**Task details**
All entries need to be written out verbatim, with pictures omitted.

**Information provided**
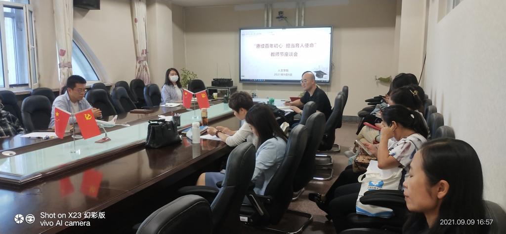 9月9日下午,人文学院在金川校区电力大楼331会议室召开以“赓续百年初心 担当育人使命”为主题的教师节座谈会,庆祝第37个教师节。学院党委书记马利强主持会议,全体教职工参会。
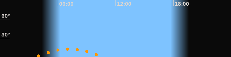 | Höchster Stand (Kulmination) | 07:10 Uhr (h = 12,6°) |
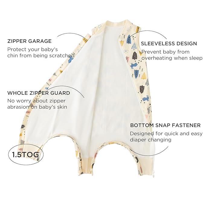 - UNIQUE CROTCH SNAPS - This toddler sleeping sack has a row of crotch snaps on the crotch that can be fully opened. This feature together with 2-way zipper makes it more convenient for changing diaper. Side Open zipper helps distribute pressure evenly along the baby's body, minimizing discomfort and ensuring a snug yet gentle fit. Widened zipper protectors on the top will protect baby's jaw from scratching
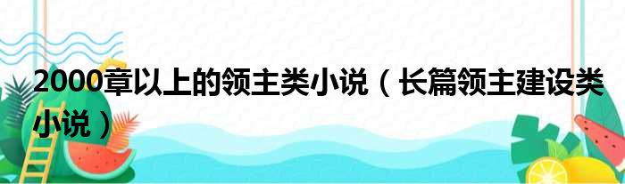 大家好,小东方来为大家解答以上的问题。2000章以上的领主类小说,长篇领主建设类小说这个很多人还不知道,现在让我们一起来看看吧!
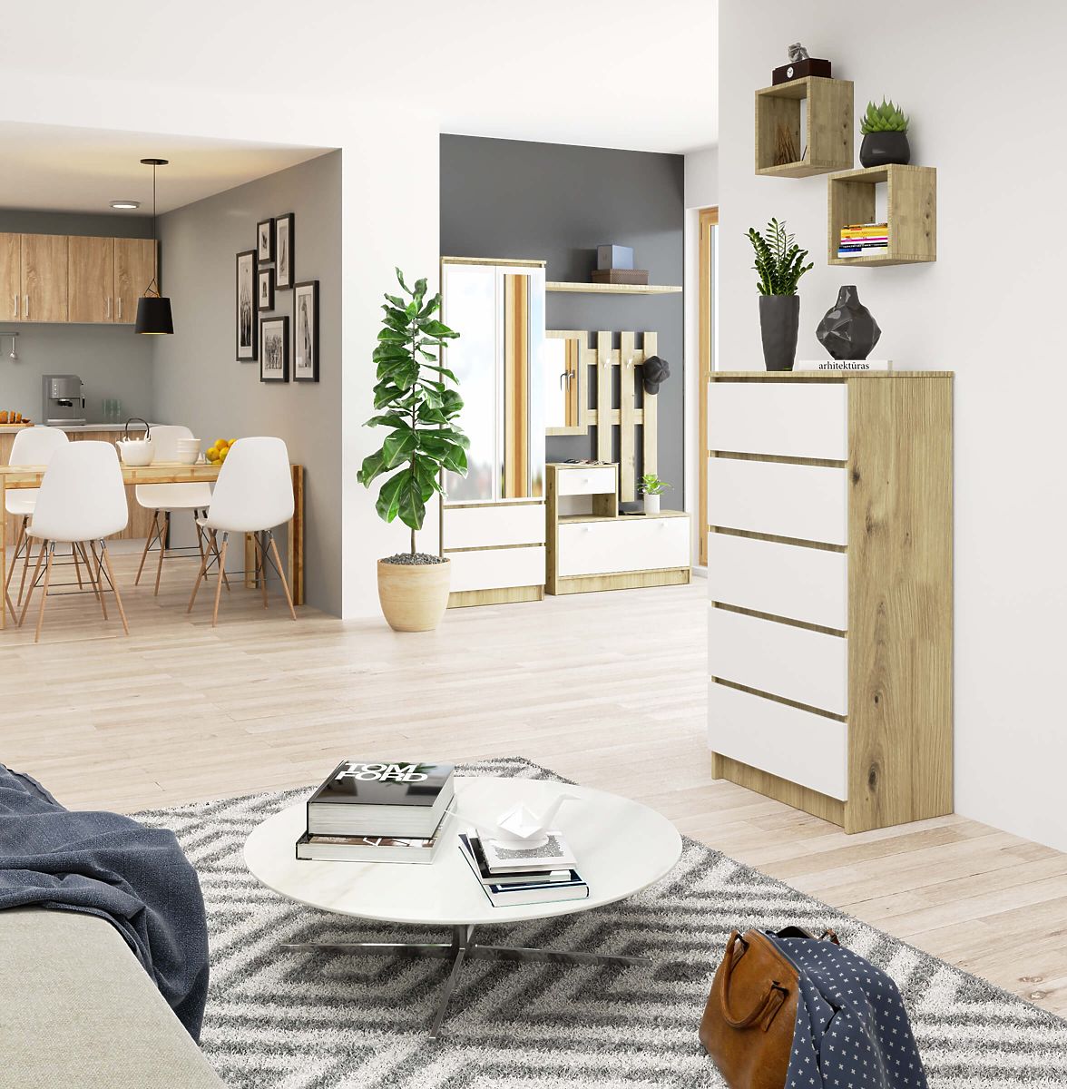 Komoda s pěti zásuvkami v kombinaci dubu a bílé. .. více
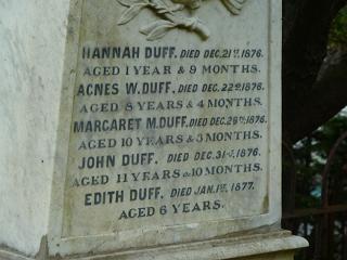 Het leven was kennelijk niet gemakkelijk, veel mensen stierven jong. Ook veel kinderen. Hannah nog geen twee, Agnes 8 jaar, Margaret 10 jaar, John 10 jaar en Edith 6 jaar.
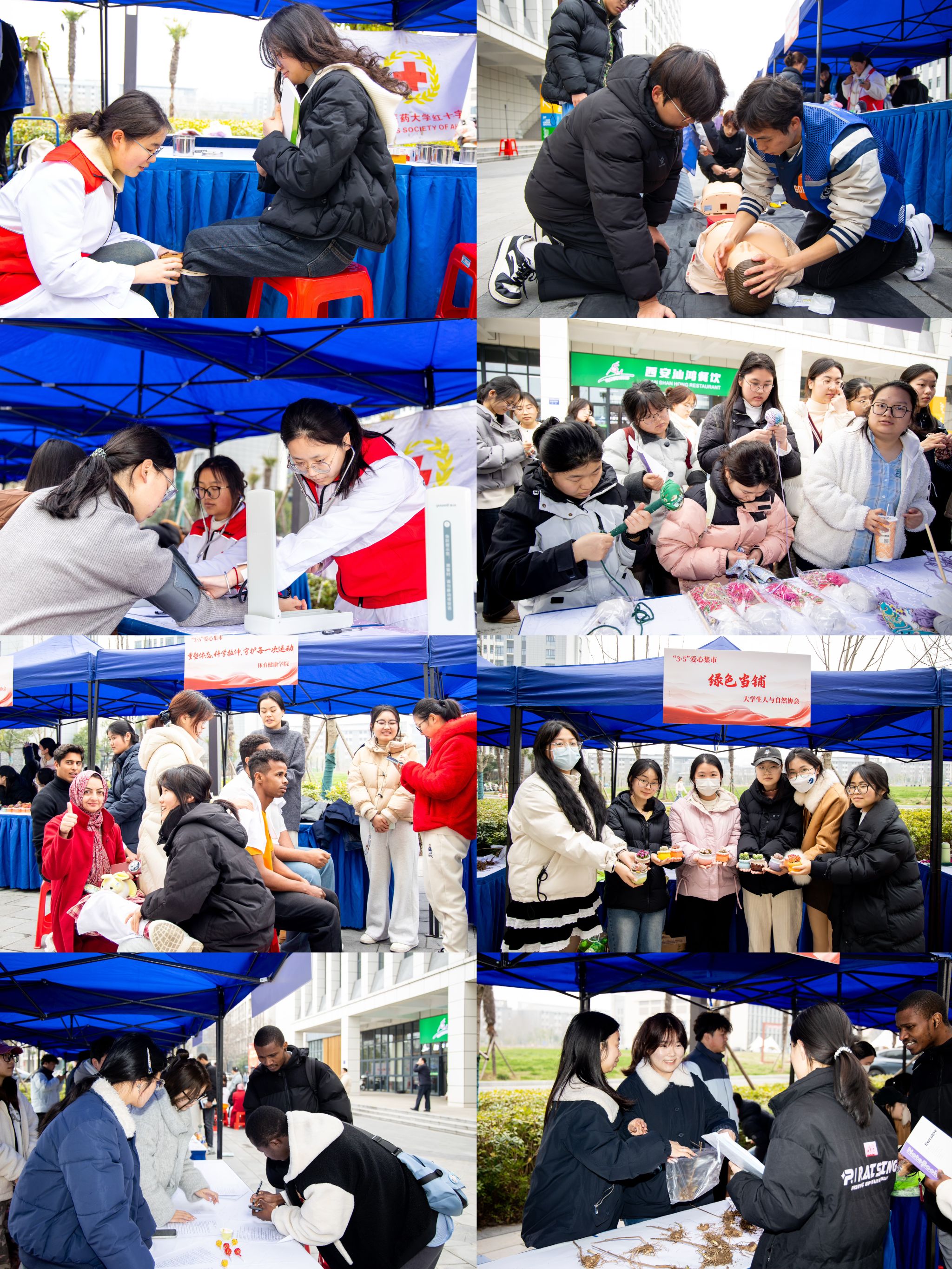 除集市活动外,针灸推拿学院、中西医结合学院、第一临床医学院的志愿者们还深入周边社区及医院,开展血压测量、健康咨询、康复指导、爱心导诊等服务,将专业医疗知识转化为服务群众的实际行动,实现了“校内+校外”服务网络的双覆盖。据统计,3月5日当天,全校累计170余名志愿者参与活动,服务师生及市民超1000人次,赢得广泛好评。
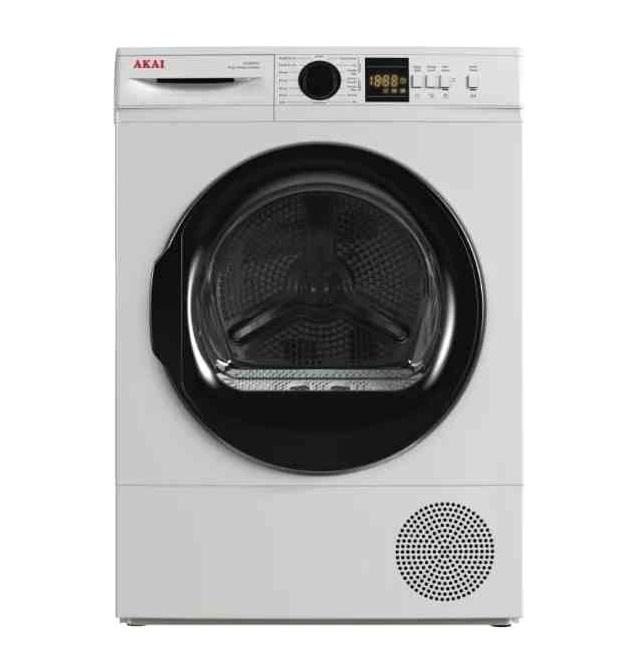 Asciugatrice AKAI ASC1047EV/T – Carica frontale – Libera installazione (FS) – Asciugatrice a pompa di calore, 15 programmi, Display LED, Rotazione doppia, Pearl Drum, Boomerang Design, Blocco parentale, Partenza differita – Prodotto disponibile soltanto per il ritiro o spedizione soltanto in Campania

**Exercise solution**
 9月9日下午,人文学院在金川校区电力大楼331会议室召开以“赓续百年初心 担当育人使命”为主题的教师节座谈会,庆祝第37个教师节。学院党委书记马利强主持会议,全体教职工参会。
 | Höchster Stand (Kulmination) | 07:10 Uhr (h = 12,6°) |
 - UNIQUE CROTCH SNAPS - This toddler sleeping sack has a row of crotch snaps on the crotch that can be fully opened. This feature together with 2-way zipper makes it more convenient for changing diaper. Side Open zipper helps distribute pressure evenly along the baby's body, minimizing discomfort and ensuring a snug yet gentle fit. Widened zipper protectors on the top will protect baby's jaw from scratching
 大家好,小东方来为大家解答以上的问题。2000章以上的领主类小说,长篇领主建设类小说这个很多人还不知道,现在让我们一起来看看吧!
 Komoda s pěti zásuvkami v kombinaci dubu a bílé. .. více
 Het leven was kennelijk niet gemakkelijk, veel mensen stierven jong. Ook veel kinderen. Hannah nog geen twee, Agnes 8 jaar, Margaret 10 jaar, John 10 jaar en Edith 6 jaar.
 除集市活动外,针灸推拿学院、中西医结合学院、第一临床医学院的志愿者们还深入周边社区及医院,开展血压测量、健康咨询、康复指导、爱心导诊等服务,将专业医疗知识转化为服务群众的实际行动,实现了“校内+校外”服务网络的双覆盖。据统计,3月5日当天,全校累计170余名志愿者参与活动,服务师生及市民超1000人次,赢得广泛好评。
 Asciugatrice AKAI ASC1047EV/T – Carica frontale – Libera installazione (FS) – Asciugatrice a pompa di calore, 15 programmi, Display LED, Rotazione doppia, Pearl Drum, Boomerang Design, Blocco parentale, Partenza differita – Prodotto disponibile soltanto per il ritiro o spedizione soltanto in Campania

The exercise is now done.